本書は、2022年刊行『社会に参加する力を育む単元開発 障害の重い子供のための各教科の授業づくり』の続編です。いずれも筑波大学附属桐が丘特別支援学校施設併設学級の研究をもとにまとめたものです。
第一章では、障害の重い子供を対象とした各教科の授業づくりの考え方と、各教科の授業づくりの年間サイクルを提示しています。続く第二章以降で、生活・社会・理科、国語、算数・数学、体育・保健体育の授業づくりについて、実践例とともに述べています。
各教科各段階の授業づくり
ここで、「音楽や図画工作等はないの?」という疑問が浮かびます。
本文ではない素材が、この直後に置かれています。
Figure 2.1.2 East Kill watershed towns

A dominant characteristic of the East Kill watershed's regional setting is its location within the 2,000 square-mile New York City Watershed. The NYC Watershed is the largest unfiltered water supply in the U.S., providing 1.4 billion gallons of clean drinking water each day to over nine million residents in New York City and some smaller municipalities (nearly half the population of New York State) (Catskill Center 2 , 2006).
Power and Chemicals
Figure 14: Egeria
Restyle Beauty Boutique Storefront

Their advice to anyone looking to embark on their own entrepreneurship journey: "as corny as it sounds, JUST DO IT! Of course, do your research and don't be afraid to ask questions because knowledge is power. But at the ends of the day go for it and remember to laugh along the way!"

この点は、「はじめに」の中で「今回は、一つ一つの教科について詳述することにしたため」と、その意図が記されています。実際に、第二章以降では、その教科で育成を目指す資質・能力や授業づくりの要点を述べた後、各段階の授業づくりをじっくりと紹介しています。ここで、観点別の学習状況を把握し、年間を通して育成を目指す資質能力を検討し、年間指導計画を作成し、具体的な授業を検討する流れを追うことができます。表や写真も豊富で、読者がイメージしやすくなっています。
なぜ各教科の授業づくりなのか
平成29年に特別支援学校小学部・中学部学習指導要領が改訂されてから、各校で改めて各教科を意識した授業づくりが行われています。なぜ、現在各教科の授業づくりが求められているのでしょうか。
これについては、第一章で丁寧に解説されています。その内容は、ぜひ本書を手に取ってお読みください。ここでは、第一章と合わせて読んでいただきたいコラム「生活科と各教科等を合わせた指導」についてご紹介します。
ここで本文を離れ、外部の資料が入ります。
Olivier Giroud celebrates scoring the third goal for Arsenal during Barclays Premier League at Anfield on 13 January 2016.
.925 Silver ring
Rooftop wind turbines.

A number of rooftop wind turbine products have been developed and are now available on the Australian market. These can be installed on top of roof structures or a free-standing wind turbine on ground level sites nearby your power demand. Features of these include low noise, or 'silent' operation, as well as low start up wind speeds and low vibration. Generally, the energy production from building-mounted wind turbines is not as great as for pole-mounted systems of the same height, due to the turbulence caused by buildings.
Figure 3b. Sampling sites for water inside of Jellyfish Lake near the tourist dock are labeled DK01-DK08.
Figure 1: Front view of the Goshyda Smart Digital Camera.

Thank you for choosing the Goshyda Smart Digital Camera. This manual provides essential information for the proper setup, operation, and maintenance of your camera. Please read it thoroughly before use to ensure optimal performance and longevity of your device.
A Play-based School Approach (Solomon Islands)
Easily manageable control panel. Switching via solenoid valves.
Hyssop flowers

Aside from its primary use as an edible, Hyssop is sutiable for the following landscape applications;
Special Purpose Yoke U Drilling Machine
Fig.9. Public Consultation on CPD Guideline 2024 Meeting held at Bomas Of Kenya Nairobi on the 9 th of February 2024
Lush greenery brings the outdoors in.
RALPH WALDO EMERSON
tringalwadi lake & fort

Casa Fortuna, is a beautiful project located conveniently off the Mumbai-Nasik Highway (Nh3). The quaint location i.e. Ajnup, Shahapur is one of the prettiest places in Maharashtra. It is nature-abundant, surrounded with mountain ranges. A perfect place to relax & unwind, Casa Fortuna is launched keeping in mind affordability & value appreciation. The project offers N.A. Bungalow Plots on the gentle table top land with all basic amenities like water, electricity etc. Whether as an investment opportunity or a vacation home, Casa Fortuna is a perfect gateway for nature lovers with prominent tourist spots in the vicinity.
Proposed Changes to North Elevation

コラムでは、本書の実践の場となっている学校では、教科等別の指導を基盤としつつ、必要に応じて「各教科等を合わせた指導」を取り入れる方向へと授業づくりを見直してきた、と述べています。また、生活科の内容である「基本的生活習慣」や「人との関わり」などは、日々の生活の流れの中で取り扱うことが効果的であると考え、生活科の時間に限らず随時指導しているとも述べています。
「各教科の授業づくり」と聞くと、とかく「教科指導か、各教科等を合わせた指導か」と対立的に考えてしまう傾向が見られます。しかし、本書の実践では、形式にとらわれない柔軟な指導と指導目標に即した評価の両立を図っています。
各教科の授業づくりに戸惑いを感じている方にこそ、手に取っていただきたい一冊です。